## Instructions for the task
For this exercise, output the entries below exactly from the line that holds "A man in a black" to the line that holds "Retro Blue Formica", both ends included. No pictures belong in the copy.
====== Source data ======
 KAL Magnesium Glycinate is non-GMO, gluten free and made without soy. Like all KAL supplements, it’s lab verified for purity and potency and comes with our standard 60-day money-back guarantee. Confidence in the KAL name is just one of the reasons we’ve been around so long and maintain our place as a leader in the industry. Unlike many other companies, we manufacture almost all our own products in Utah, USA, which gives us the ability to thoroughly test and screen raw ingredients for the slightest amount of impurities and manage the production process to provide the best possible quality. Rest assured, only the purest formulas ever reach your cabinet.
======
====== Source data ======
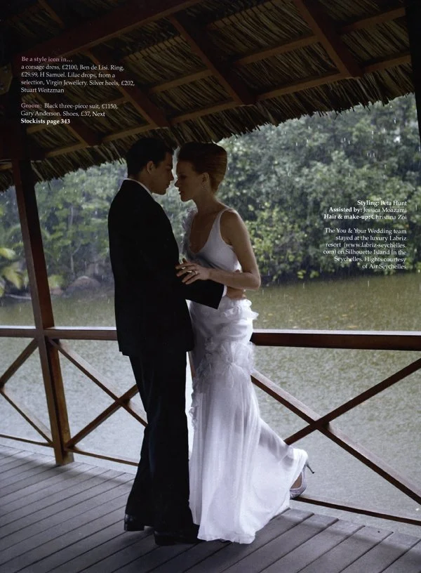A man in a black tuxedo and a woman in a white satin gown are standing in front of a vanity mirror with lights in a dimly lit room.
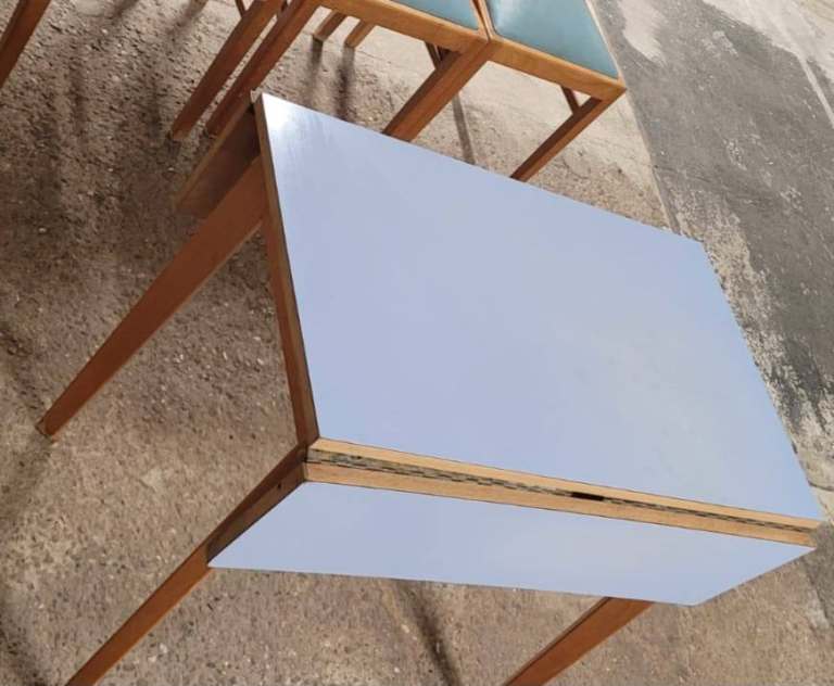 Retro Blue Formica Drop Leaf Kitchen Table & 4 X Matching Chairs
======
====== Source data ======
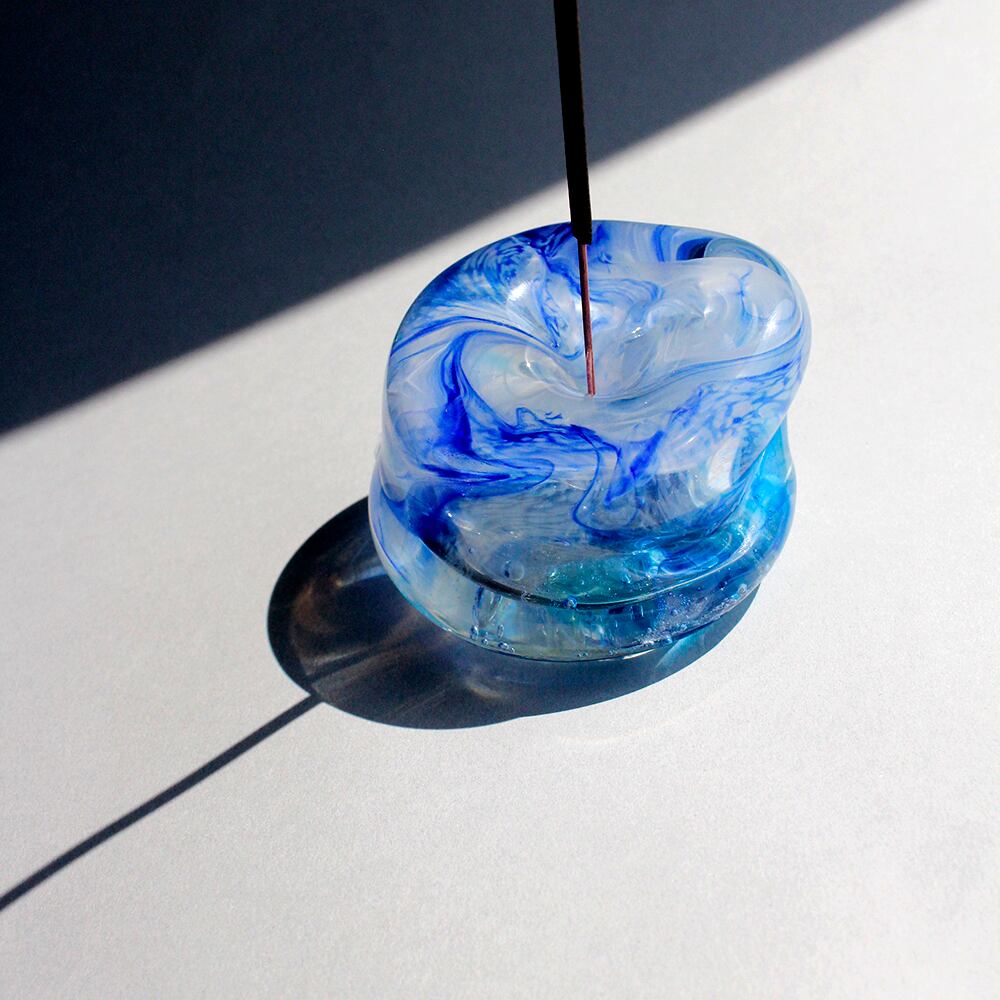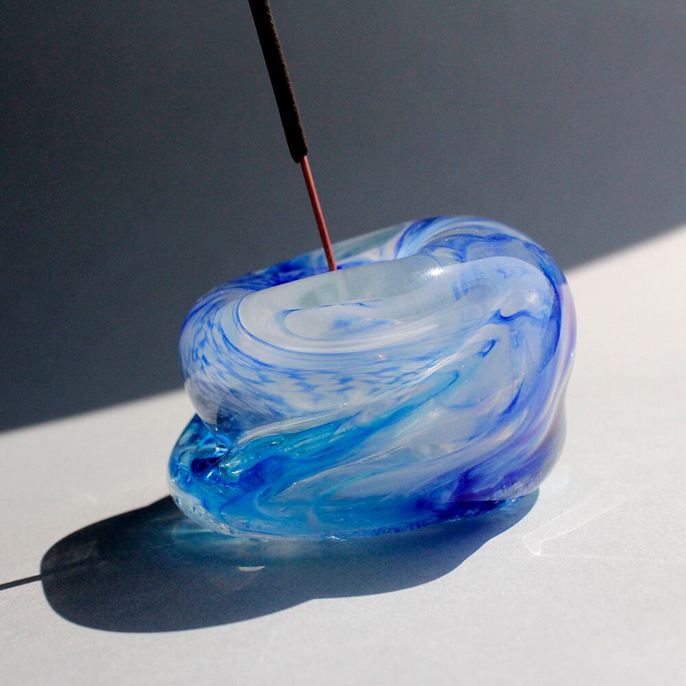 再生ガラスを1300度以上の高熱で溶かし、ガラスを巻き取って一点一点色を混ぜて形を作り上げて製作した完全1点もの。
======
## The completed task
A man in a black tuxedo and a woman in a white satin gown are standing in front of a vanity mirror with lights in a dimly lit room.
 Retro Blue Formica Drop Leaf Kitchen Table & 4 X Matching Chairs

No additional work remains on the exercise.